# Fastest growing?



## Jammos (Nov 25, 2010)

Just curious if there is a group of Africans that are known to be particularly fast growers.

I am amazed at my Venustus..most definitely the fastest growing fish in my tank.


----------



## brinkles (Jan 30, 2011)

I had a group of red zebras born last summer that grew like weeds!


----------



## DJRansome (Oct 29, 2005)

I think a lot of them grow fast the first six months, but then they slow down. I'd say mbuna have a rep as being the fastest growers overall.


----------



## johnchor (Apr 2, 2011)

P.Acei is my fastest growing fish

from 1inch to 5inches in 6months! almost max now. 
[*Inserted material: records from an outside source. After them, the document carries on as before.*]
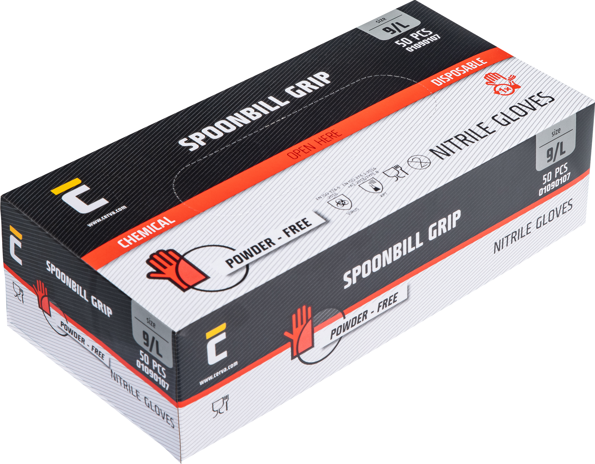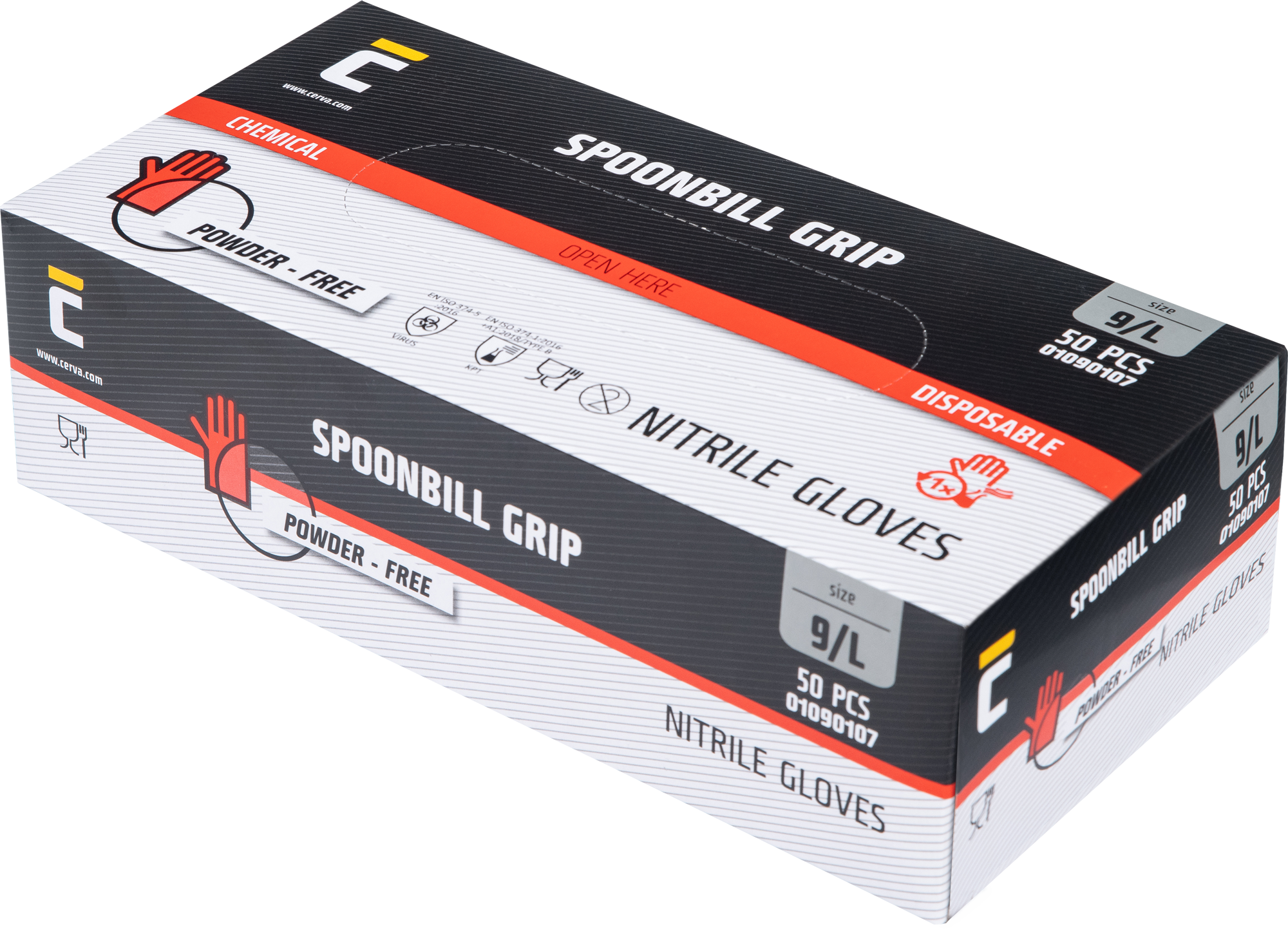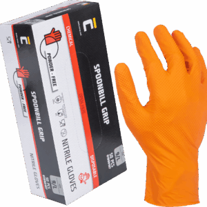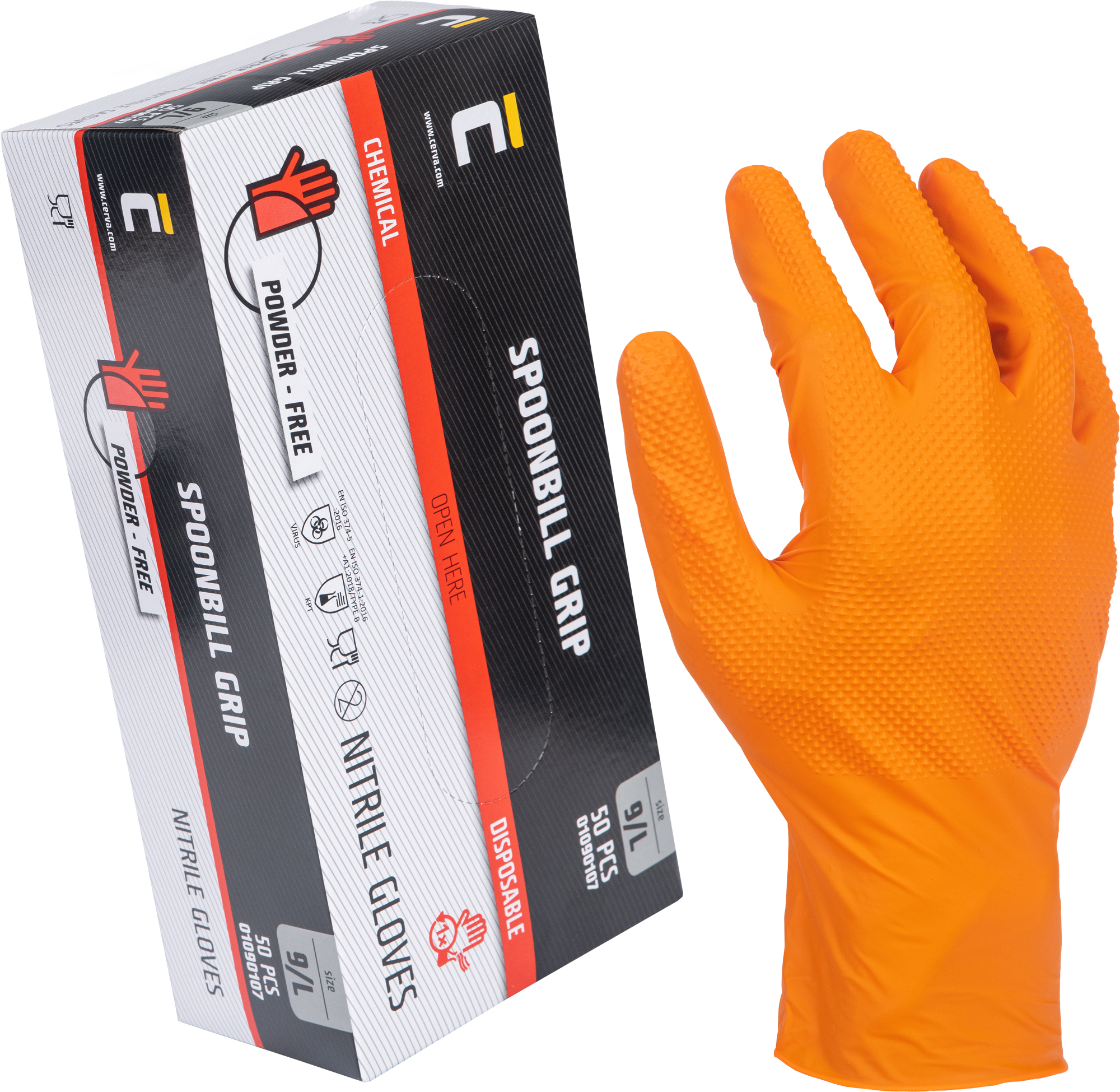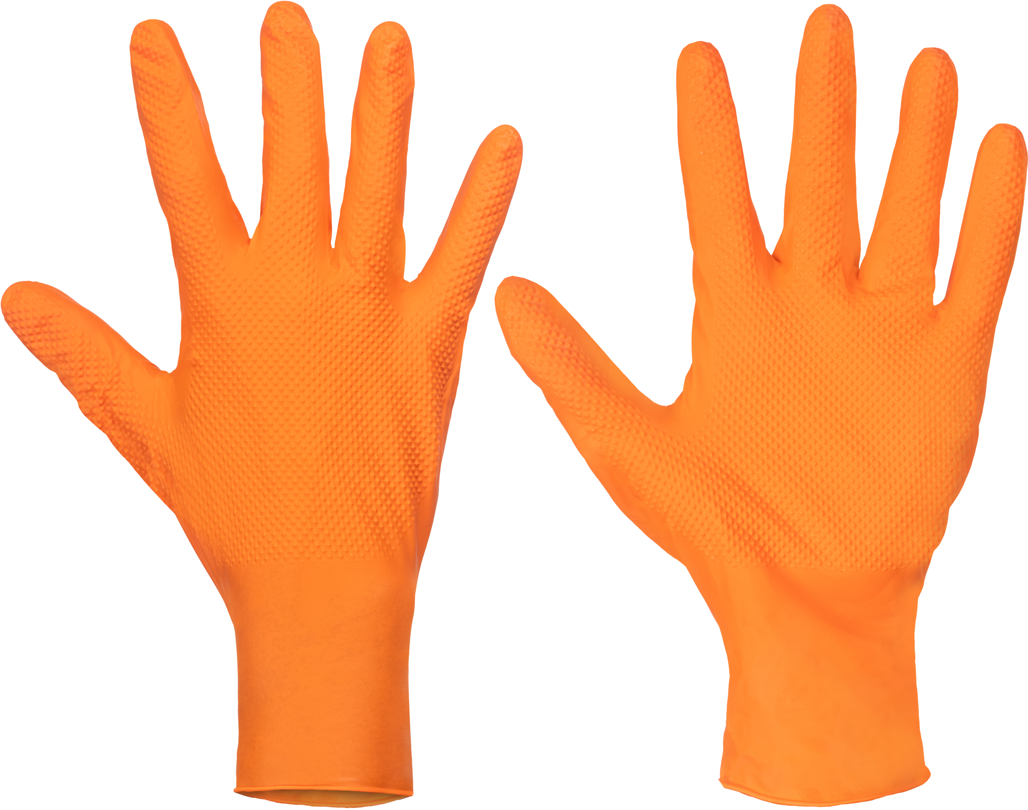 Nitrilne rokavice za enkratno uporabo – zelo močne, brez prahu, 50 kosov v škatli. Zaradi diamantne teksture zagotavljajo odličen oprijem tudi v mastnih, mokrih ali umazanih okoljih. Odlična izbira za mehanike, monterje, avtomehanike in vse, ki potrebujejo zanesljivo zaščito rok pri delu v zahtevnih okoljih.
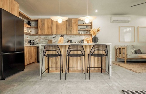 Namaste Oasis by FŌKL is a private sanctuary of four luxury 2BR, 2BA residences in Nosara’s coveted K Section. Sleeping up to 20 guests, it’s minutes from the beach, Bodhi Tree, and top wellness studios. Set behind a secure gate and surrounded by jungle, the property features a shared pool, expansive outdoor areas, and design-forward interiors—ideal for yoga retreats, surf camps, reunions, family escapes, and intimate group gatherings.
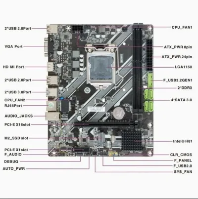 Chipset: IntelH81 Socket: Support intel 4th gen processor Memory: 2x DDR3 VGA: Integrated Intel Graphics LAN: 10/100M Ethernet Audio: 5.1HD audio codec Form Factor: Micro ATX USB 3.2 M.2 SSD
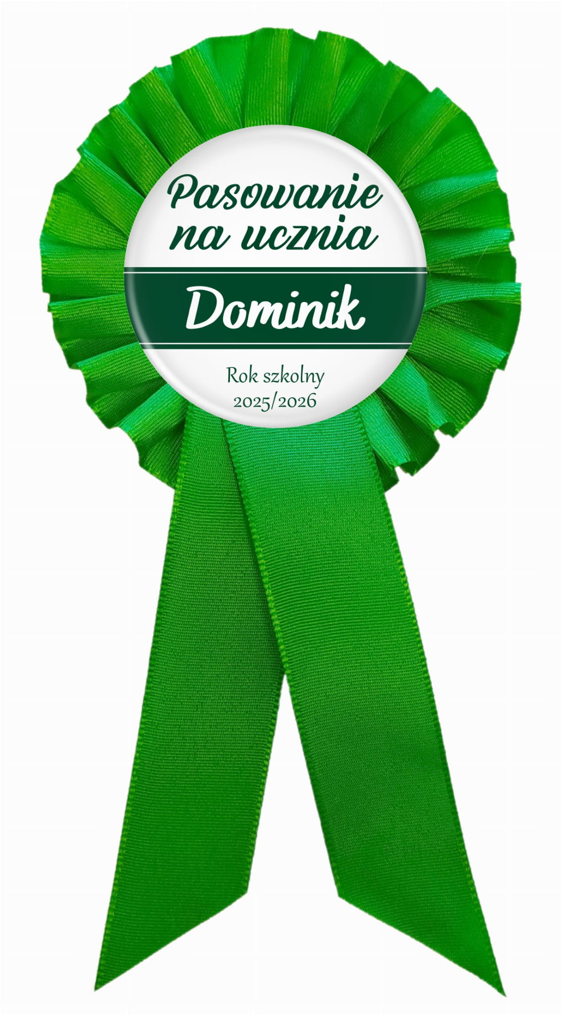 Zielony kotylion z imieniem ucznia na uroczystość Pasowania
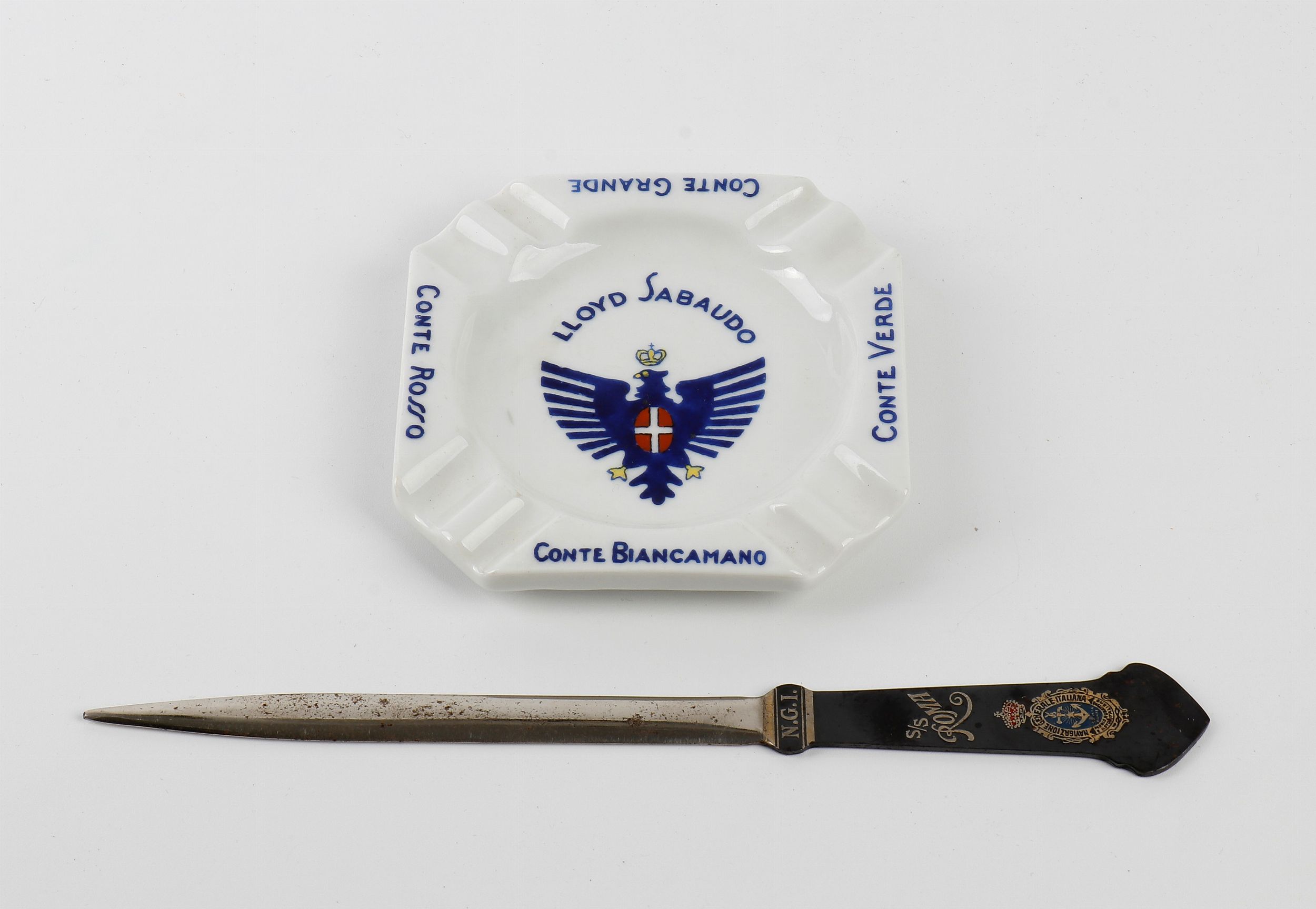 cm. 10 , cm.22 1920s Lotto di due pubblicitari, posacenere in ceramica della LLOYD SABAUDO Conte Verde - Conte Grande - Conte Biancamano , e tagliacarte della N.G.I. Navigazione Generali Italiana per la S/S ROMA. Ceramica marcato LAVENO Genova, nessuna rottura, lotto in buone condizioni. Misure tagliacarte cm.22 , posacenere circa cm.10x10
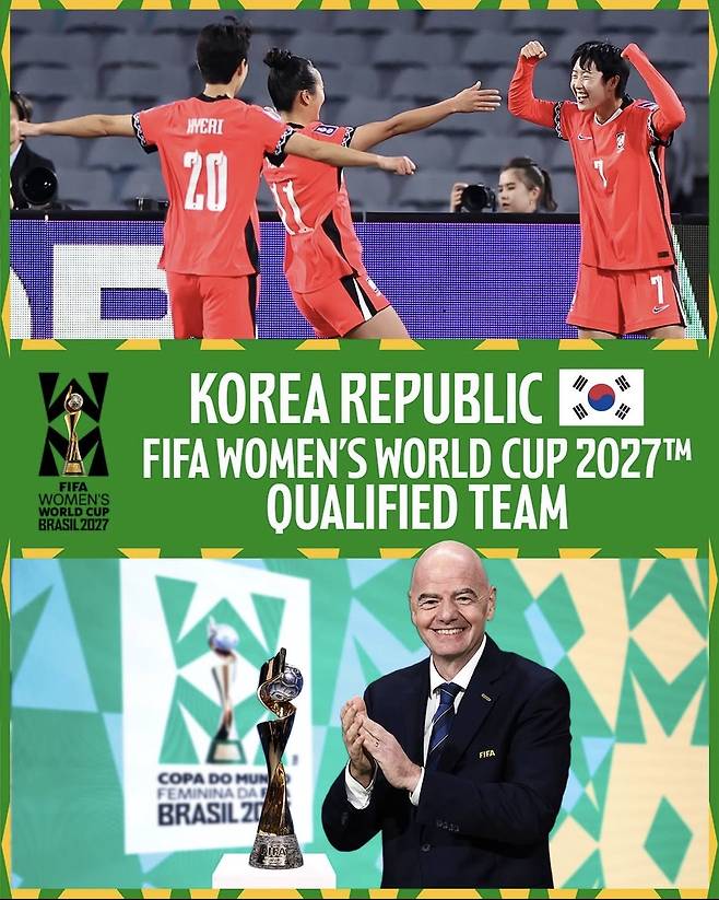 이로써 한국은 2027년 브라질에서 열리는 국제축구연맹(FIFA) 여자 월드컵 본선 진출을 확정했다.

i believe water changes is the key.

but there are some fishes
example N.bichardi and S.friyeri takes forever to grow....


----------



## bernie comeau (Feb 19, 2007)

IME, the mouth brooding 'tilapias' (Oreochromis) grow real fast! They can become big fish in matter of months. Tilapia mariae, T. zilli and T. buttikoferi are also fast growers.

But amongst smaller fish, I agree, mbuna grow pretty fast. Since I have had this species for 2 years now, IME, bumble bee is the fastest growing mbuna I have ever had.


----------